Whatever evolutionary psychology may say, or evolutionists might think (Scruton argues), it is man’s nature to have been divinely touched with rationality, for “it is the very capacity for reasoning that distinguishes us from the rest of nature.” Reasoning about things we know and have experienced enables us to make the fine discriminations required in aesthetic judgement; reasoning allows us to enter into the mind of the artist and understand his intentions—what the poet was driving at, what the painter meant. After which on page 38 Scruton sweeps the whole Darwinian argument aside:

As things stand, the evolutionary psychology of beauty offers a picture of the human being and human society with the aesthetic element deprived of its specific intentionality, and dissolved in vague generalities that overlook the peculiar place of aesthetic judgement in the life of the rational agent.

The Evolutionist’s Response

So that’s that. But is it also how things stand with Denis Dutton? Within his evolutionary scheme of explanation, does a painter or poet know what he’s doing, mean what he says, and can we understand his intentions ourselves? The Art Instinct has in fact a lot to say about intention and intentionality, and it is never vaporous or vague.

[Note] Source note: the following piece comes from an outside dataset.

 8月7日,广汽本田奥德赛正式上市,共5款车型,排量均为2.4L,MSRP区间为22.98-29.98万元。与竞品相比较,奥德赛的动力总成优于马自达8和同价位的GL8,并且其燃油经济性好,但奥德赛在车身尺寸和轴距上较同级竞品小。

Fitness theory—the signs of vigor and male prowess that brilliant tail feathers and menacing antlers and fighting ability show—is important in Dutton’s argument, and it places conscious intention and visibly displayed individual achievement at the center of evolutionary aesthetics. Moreover, his thinking about Palaeolithic origins in the past is informed by research among tribespeople in the present. Evidence of self-conscious artistic intention is something he encountered doing fieldwork in New Guinea villages, where “the work of individual dancers, poets, and carvers is a focus of fascinated attention.”

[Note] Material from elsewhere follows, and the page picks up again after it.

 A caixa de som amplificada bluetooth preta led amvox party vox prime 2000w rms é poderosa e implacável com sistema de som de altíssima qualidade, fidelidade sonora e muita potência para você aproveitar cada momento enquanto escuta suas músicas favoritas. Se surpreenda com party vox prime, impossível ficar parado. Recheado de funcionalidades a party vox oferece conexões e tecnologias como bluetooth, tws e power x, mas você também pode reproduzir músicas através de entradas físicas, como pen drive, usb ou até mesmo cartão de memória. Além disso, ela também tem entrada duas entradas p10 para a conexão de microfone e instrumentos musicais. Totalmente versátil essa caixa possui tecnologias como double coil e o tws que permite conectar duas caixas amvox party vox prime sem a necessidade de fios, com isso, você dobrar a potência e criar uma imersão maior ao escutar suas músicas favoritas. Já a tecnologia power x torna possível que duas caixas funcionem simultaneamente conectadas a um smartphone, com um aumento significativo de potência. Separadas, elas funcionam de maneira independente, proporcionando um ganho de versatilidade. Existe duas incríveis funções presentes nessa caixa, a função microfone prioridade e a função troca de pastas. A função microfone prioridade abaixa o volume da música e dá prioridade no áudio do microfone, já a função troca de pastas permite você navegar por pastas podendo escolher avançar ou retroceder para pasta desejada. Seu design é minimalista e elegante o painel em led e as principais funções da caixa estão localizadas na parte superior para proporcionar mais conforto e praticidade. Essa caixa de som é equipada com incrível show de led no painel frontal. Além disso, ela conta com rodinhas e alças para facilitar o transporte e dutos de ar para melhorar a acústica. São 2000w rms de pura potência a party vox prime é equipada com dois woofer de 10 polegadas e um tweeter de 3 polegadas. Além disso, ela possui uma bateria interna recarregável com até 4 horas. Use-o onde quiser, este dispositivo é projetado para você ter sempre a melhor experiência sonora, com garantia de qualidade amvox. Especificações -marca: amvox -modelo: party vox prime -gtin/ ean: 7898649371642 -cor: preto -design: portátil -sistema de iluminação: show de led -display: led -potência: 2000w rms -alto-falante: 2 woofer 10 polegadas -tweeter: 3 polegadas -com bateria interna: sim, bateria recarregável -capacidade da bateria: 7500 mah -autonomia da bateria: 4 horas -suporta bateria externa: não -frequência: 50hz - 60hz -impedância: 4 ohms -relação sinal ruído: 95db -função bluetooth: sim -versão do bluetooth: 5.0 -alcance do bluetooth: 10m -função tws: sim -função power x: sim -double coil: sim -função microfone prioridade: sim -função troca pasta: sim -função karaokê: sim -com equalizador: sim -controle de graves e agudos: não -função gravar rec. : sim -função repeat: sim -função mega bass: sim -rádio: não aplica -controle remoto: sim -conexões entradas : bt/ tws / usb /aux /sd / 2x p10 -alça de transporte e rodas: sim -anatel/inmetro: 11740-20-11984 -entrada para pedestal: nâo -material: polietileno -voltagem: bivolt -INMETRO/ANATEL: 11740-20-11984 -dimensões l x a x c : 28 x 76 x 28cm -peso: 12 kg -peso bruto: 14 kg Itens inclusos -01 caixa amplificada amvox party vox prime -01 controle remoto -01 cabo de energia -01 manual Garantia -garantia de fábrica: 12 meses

From Scruton’s comment above you might think that evolutionary psychology had as one of its aims (or anyway one of its effects) an anthropological “abandonment of the author function,” a denial of individual agency, a view of abstract historical process without individual influence or meaning, of predetermining forces that supervene and displace the writer’s mind. Not so, says Dutton—quite the reverse. It is in novels, poetry, and drama that individual demonstrations of superior skill, style, and imaginative intelligence provide some of evolution’s most persuasive indicators:

We admire clarity, accuracy, and relevance in realistic, descriptive uses of language and regard these qualities as showing that a speaker possesses desirable intellectual qualities. Fictional creations—stories, jokes, and ornamented speech, such as poetry—are similarly judged.

Behind every act of speaking, descriptive or artistic, looms the idea of the fitness test. Human beings are continuously judging their fellows in terms of the cleverness or banality of their language use.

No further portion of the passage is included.